● **WORK TO BE COMPLETED**:
In the records below, the lines between the one holding "Exacompta Étui de" and the one holding "Erkek Pelüş Polar", inclusive, are to be transcribed exactly; no pictures are to be included.

● **RECORDS**:

# # #

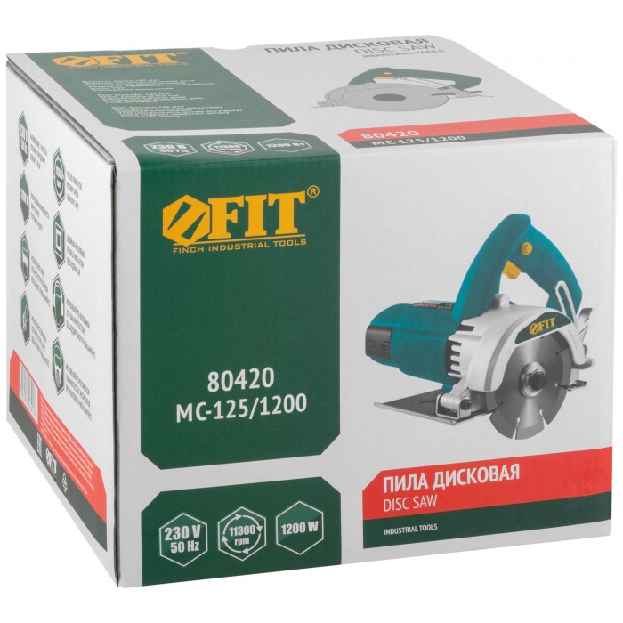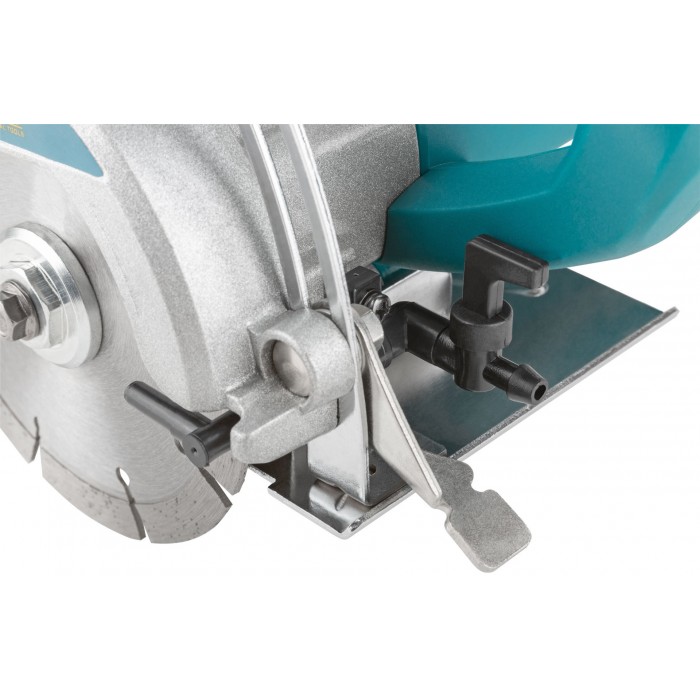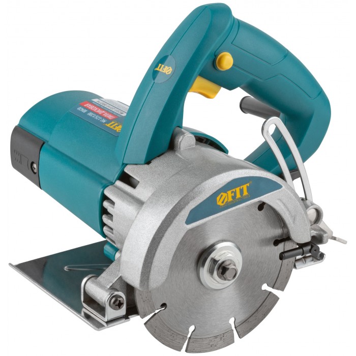 1200 Вт; 125/22 мм; 11300 об/мин; 40 мм; 5,3 A; 3,1кг; коробка. Водяное охлаждение места реза, регулируемая опорная плита, защита от поражения
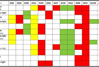 Esta semana toca analizar el queso en porciones, es decir: los quesitos. Para ello he estudiado los ingredientes de una docena de productos de diferentes marcas, encontrando algunos con solo dos aditivos, frente a otros que suman hasta un total de ocho. Para facilitar el análisis, he vuelto a recurrir a una tabla con los colores del semáforo. Este ha sido el resultado:
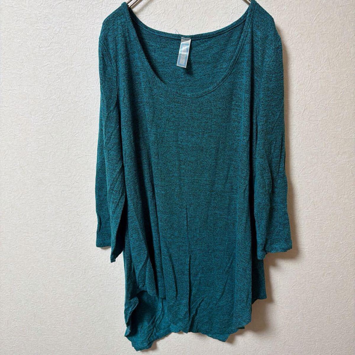古着 USA ヴィンテージ おでかけ ターコイズ 五分袖 レーヨン カットソー おしゃれ シンプル チュニック 長め
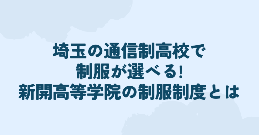 【通信制高校でも制服が着たい方へ】 埼玉県で通信制高校をお探しの皆さん、「通信制高校に通いながら制服を着たい」と思ったことはありませんか?新開高等学院では、生徒の皆さんの多様なニーズに応えるため、任意で制服を選択できる制度を設けています。 ...
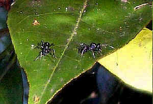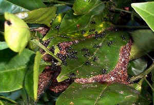 on plants leaves, looking for food. They build nests on trees. The Gold Ants build nests
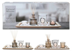 Svietnik / diffuser 36 x 14 x 1 cm, 5 dielov + dekorácia drevo/sklo
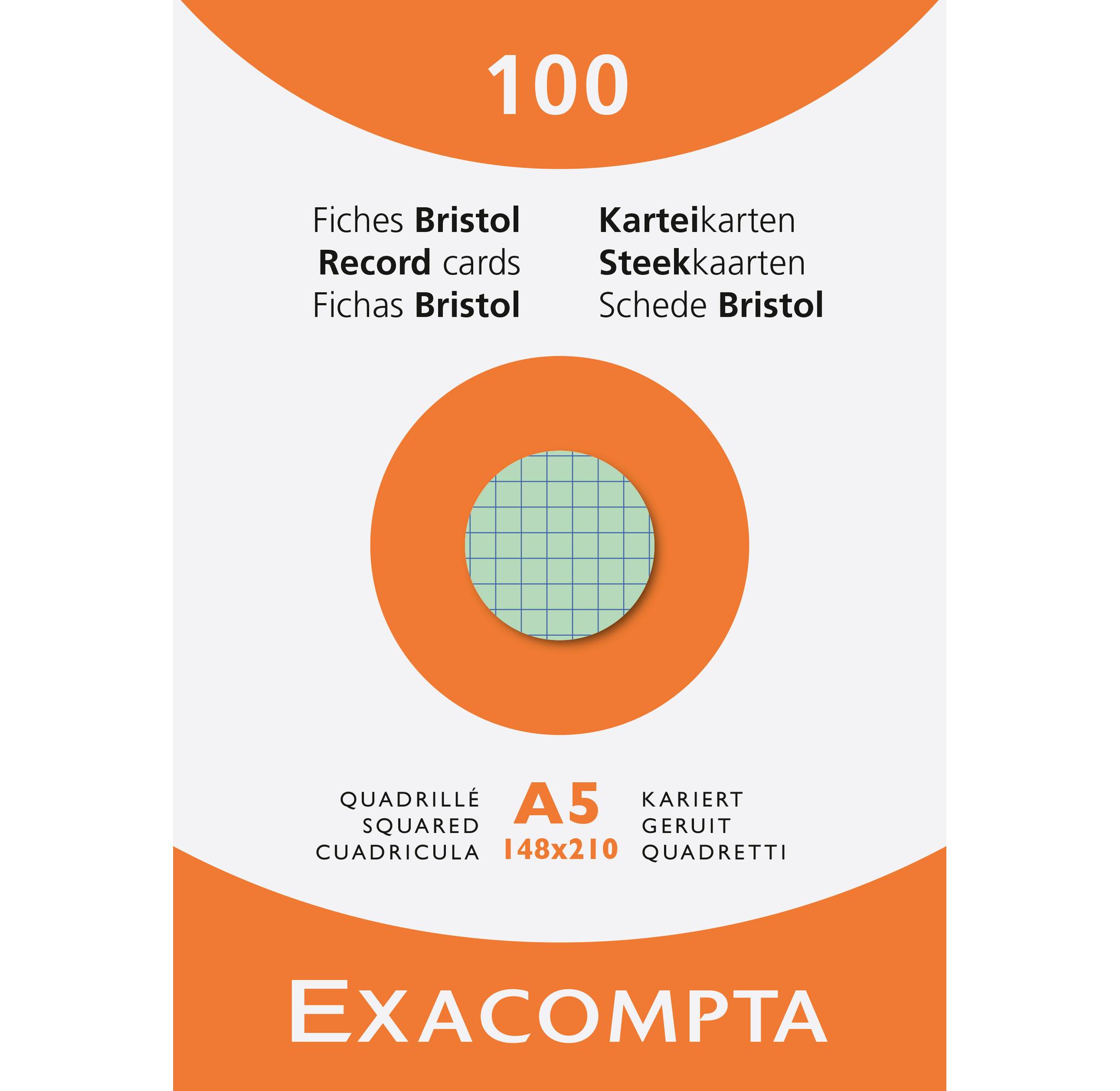 Exacompta Étui de 100 fiches - bristol quadrillé 5x5 non perforé 148x210mm - x 10
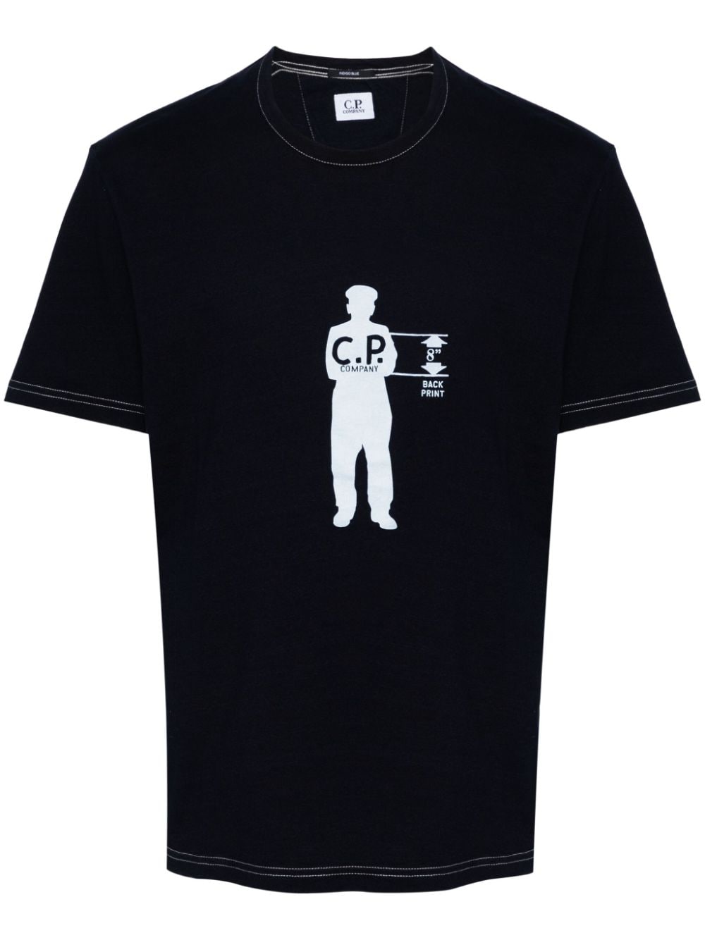 navy blue cotton jersey texture contrast stitching round neck short sleeves logo print to the front and rear straight hem
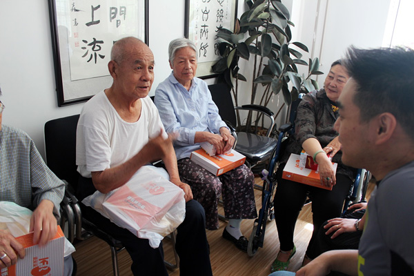 我们还和老人们一起唱起了熟悉的歌曲,一首中国心,一首拍手歌,老人们开心的和我们一起大合唱,随着节拍拍动双手,把整个气氛推到了一个小高潮。
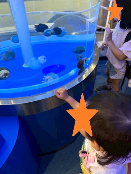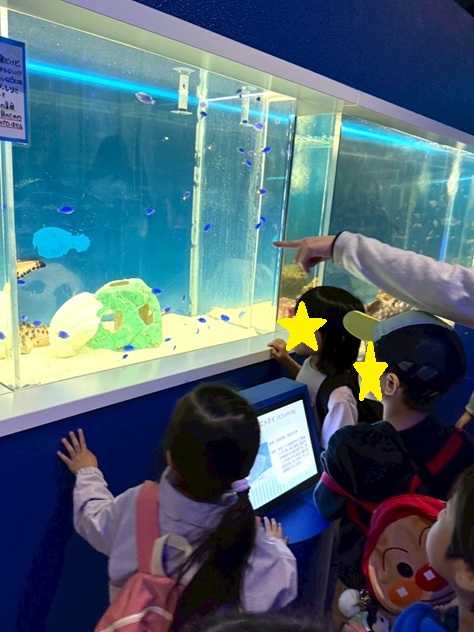 「ここに魚が隠れている!」と見つけたり、「きのこに見える~」とクラゲを観察してみたり…1つの水槽をじっくり見る子も多かったです✨✨
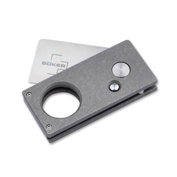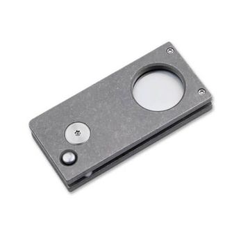 The extremely compact pocket knife with a 440C blade has a striking opening in the titanium handle, which allows cigars to be cut when the knife is closed. By pressing the push button on the front, the blade springs out of the handle at 45°, exposing the opening for inserting a cigar. However, if you press the button on the back at the same time, the blade opens completely like a small automatic knife. The short blade with a one-sided bevel is suitable for small everyday jobs.
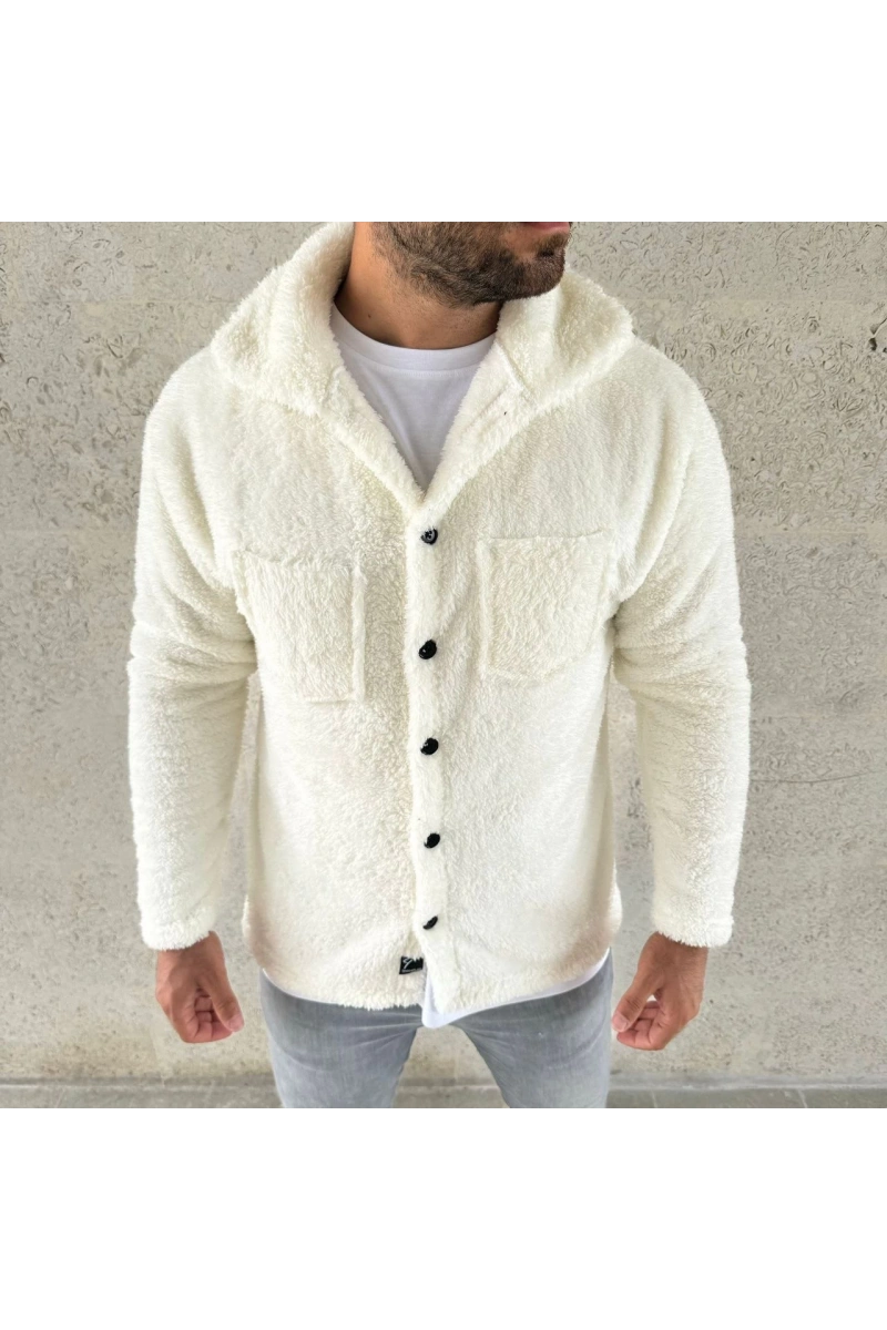 Erkek Pelüş Polar Hırka Gömlek – Yakalı, İlik Düğmeli, Göğüs Cepli, Yumuşak Dokulu Kışlık Regular Fit Rahat Günlük Model - Beyaz
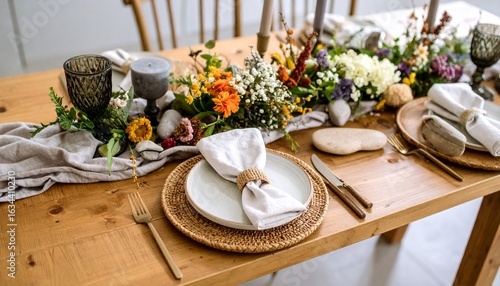 table, setting, floral, natural, elegant, occasion, gathering, presentation, chic, sophisticated, artistic, dining, inviting, tone, earthy, wedding, hospitality, linen, party, event, anniversary, neutral, textured, seasonal, interior, vibrant, warm, cutlery, home, woven, centrepiece, stylish, arrangement, pebble, festive, modern, stone, minimalist, charming, tableware, crafted, napkin, holiday, flower, design, handcraft, cosy, charger, decorative
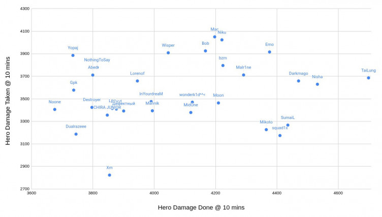 Еще одна метрика для анализа – средняя разница на линии против соперника в первые 10 минут.

# # #

● **FINAL ANSWER**:
 Exacompta Étui de 100 fiches - bristol quadrillé 5x5 non perforé 148x210mm - x 10
 navy blue cotton jersey texture contrast stitching round neck short sleeves logo print to the front and rear straight hem
 我们还和老人们一起唱起了熟悉的歌曲,一首中国心,一首拍手歌,老人们开心的和我们一起大合唱,随着节拍拍动双手,把整个气氛推到了一个小高潮。
 「ここに魚が隠れている!」と見つけたり、「きのこに見える~」とクラゲを観察してみたり…1つの水槽をじっくり見る子も多かったです✨✨
 The extremely compact pocket knife with a 440C blade has a striking opening in the titanium handle, which allows cigars to be cut when the knife is closed. By pressing the push button on the front, the blade springs out of the handle at 45°, exposing the opening for inserting a cigar. However, if you press the button on the back at the same time, the blade opens completely like a small automatic knife. The short blade with a one-sided bevel is suitable for small everyday jobs.
 Erkek Pelüş Polar Hırka Gömlek – Yakalı, İlik Düğmeli, Göğüs Cepli, Yumuşak Dokulu Kışlık Regular Fit Rahat Günlük Model - Beyaz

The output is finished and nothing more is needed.